Top of Available data
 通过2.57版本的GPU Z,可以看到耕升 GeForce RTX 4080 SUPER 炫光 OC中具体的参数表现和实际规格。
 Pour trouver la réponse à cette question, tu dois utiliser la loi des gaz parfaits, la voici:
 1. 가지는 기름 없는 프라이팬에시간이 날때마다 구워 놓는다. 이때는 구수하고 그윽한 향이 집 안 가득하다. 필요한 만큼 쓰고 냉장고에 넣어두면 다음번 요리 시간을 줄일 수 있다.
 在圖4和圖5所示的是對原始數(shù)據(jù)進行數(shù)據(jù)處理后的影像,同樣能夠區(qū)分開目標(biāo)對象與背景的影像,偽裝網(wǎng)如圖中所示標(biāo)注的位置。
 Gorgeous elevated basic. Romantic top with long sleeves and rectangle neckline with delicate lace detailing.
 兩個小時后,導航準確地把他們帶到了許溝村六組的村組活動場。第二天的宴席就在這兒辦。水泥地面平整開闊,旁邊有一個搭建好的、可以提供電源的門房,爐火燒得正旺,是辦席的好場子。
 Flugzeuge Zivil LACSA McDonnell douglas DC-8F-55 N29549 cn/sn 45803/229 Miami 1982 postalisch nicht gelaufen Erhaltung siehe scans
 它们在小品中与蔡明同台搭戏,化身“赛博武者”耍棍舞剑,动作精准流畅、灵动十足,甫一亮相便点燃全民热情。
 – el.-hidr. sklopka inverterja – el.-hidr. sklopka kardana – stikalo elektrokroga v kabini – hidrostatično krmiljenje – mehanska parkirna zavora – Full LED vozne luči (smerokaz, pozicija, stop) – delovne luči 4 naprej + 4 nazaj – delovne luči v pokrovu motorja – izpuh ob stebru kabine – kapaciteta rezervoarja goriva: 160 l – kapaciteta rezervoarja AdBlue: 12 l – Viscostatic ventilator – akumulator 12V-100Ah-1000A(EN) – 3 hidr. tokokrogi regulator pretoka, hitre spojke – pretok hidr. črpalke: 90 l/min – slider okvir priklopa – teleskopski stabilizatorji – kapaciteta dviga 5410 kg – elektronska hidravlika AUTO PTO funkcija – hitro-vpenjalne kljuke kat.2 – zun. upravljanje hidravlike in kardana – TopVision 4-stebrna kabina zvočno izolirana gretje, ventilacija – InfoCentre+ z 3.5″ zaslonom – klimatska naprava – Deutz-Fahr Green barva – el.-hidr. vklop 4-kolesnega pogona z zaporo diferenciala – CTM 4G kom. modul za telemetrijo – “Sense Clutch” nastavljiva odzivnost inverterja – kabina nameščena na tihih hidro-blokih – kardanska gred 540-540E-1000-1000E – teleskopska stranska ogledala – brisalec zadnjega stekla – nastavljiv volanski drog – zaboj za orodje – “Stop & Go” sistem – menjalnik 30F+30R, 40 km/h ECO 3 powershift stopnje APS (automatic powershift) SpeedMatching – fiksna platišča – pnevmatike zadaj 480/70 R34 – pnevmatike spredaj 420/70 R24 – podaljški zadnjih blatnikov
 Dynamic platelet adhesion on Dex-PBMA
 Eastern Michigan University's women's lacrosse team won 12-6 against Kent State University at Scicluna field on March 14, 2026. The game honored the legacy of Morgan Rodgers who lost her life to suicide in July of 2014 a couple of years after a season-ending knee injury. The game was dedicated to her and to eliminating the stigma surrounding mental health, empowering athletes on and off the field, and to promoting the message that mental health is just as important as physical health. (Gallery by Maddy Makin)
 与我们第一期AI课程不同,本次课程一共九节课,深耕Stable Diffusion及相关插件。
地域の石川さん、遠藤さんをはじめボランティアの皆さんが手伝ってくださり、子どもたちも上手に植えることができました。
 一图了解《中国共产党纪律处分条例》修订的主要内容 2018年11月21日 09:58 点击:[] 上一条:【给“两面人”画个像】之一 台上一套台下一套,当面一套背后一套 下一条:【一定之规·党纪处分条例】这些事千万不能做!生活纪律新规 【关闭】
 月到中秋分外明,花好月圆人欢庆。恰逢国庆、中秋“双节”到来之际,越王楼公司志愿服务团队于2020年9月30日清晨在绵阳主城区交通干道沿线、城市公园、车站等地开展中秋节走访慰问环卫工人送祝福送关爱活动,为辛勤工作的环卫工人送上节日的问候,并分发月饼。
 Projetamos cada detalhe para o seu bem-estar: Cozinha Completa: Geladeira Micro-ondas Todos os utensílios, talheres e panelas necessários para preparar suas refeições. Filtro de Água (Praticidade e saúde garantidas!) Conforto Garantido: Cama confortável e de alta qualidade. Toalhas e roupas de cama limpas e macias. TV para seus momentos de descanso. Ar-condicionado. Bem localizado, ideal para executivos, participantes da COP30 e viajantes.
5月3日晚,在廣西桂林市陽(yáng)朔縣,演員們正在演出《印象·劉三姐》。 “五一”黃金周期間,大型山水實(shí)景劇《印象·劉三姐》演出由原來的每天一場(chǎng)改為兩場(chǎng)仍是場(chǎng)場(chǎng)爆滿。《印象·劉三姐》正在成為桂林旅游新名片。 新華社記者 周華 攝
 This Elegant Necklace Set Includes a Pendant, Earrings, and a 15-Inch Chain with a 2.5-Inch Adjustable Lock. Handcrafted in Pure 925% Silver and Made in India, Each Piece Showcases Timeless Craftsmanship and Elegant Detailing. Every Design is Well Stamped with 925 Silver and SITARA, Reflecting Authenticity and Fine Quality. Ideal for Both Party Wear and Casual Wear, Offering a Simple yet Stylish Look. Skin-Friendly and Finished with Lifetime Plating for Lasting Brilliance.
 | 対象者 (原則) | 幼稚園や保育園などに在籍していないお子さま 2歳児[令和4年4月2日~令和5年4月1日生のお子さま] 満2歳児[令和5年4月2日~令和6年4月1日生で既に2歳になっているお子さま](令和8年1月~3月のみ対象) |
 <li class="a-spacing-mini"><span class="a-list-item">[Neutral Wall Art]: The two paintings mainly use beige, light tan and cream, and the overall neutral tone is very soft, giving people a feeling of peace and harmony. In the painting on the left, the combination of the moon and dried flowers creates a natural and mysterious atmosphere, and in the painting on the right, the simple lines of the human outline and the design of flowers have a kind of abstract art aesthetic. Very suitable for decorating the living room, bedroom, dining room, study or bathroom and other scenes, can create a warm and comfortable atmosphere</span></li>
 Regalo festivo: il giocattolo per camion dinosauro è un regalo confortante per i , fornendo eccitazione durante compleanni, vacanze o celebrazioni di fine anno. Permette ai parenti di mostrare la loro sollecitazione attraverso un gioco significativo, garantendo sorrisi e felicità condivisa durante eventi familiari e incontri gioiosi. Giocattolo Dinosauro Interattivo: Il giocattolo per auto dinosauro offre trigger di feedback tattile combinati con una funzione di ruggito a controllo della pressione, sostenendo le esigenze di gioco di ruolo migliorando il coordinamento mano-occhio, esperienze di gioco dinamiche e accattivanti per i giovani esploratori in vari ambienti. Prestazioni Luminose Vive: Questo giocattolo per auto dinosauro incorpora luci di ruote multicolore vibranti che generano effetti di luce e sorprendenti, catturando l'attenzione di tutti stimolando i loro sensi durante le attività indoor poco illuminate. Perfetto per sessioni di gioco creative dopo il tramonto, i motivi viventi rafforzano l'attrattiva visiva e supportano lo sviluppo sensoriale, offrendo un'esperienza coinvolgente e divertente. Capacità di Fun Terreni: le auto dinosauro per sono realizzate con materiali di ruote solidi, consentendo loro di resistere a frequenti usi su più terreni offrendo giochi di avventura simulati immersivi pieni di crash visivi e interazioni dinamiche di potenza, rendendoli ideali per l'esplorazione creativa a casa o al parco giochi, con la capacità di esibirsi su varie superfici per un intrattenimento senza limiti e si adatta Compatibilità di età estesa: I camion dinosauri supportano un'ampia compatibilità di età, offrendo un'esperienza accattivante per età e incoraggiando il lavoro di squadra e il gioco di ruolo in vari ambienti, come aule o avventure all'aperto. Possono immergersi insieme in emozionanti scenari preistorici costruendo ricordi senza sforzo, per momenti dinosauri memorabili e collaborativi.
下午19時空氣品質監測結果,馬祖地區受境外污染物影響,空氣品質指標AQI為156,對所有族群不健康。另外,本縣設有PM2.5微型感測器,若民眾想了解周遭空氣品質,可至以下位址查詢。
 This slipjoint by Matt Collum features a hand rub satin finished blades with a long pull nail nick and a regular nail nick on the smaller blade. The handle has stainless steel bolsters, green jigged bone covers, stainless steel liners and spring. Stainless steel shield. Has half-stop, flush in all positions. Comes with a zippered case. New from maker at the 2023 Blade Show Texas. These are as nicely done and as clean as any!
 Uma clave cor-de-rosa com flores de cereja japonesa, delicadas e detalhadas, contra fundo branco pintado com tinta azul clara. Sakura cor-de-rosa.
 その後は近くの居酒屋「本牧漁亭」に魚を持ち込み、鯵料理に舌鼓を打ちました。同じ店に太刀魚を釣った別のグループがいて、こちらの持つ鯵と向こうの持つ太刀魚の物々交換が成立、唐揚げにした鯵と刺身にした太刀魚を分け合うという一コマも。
Bottom of Available data
◆ **Task prompt**:
Set down, word for word, each line from the top of the records above through the line with "在圖4和圖5所示的是對原始數".

◆ **Response to the exercise**:
 通过2.57版本的GPU Z,可以看到耕升 GeForce RTX 4080 SUPER 炫光 OC中具体的参数表现和实际规格。
 Pour trouver la réponse à cette question, tu dois utiliser la loi des gaz parfaits, la voici:
 1. 가지는 기름 없는 프라이팬에시간이 날때마다 구워 놓는다. 이때는 구수하고 그윽한 향이 집 안 가득하다. 필요한 만큼 쓰고 냉장고에 넣어두면 다음번 요리 시간을 줄일 수 있다.
 在圖4和圖5所示的是對原始數(shù)據(jù)進行數(shù)據(jù)處理后的影像,同樣能夠區(qū)分開目標(biāo)對象與背景的影像,偽裝網(wǎng)如圖中所示標(biāo)注的位置。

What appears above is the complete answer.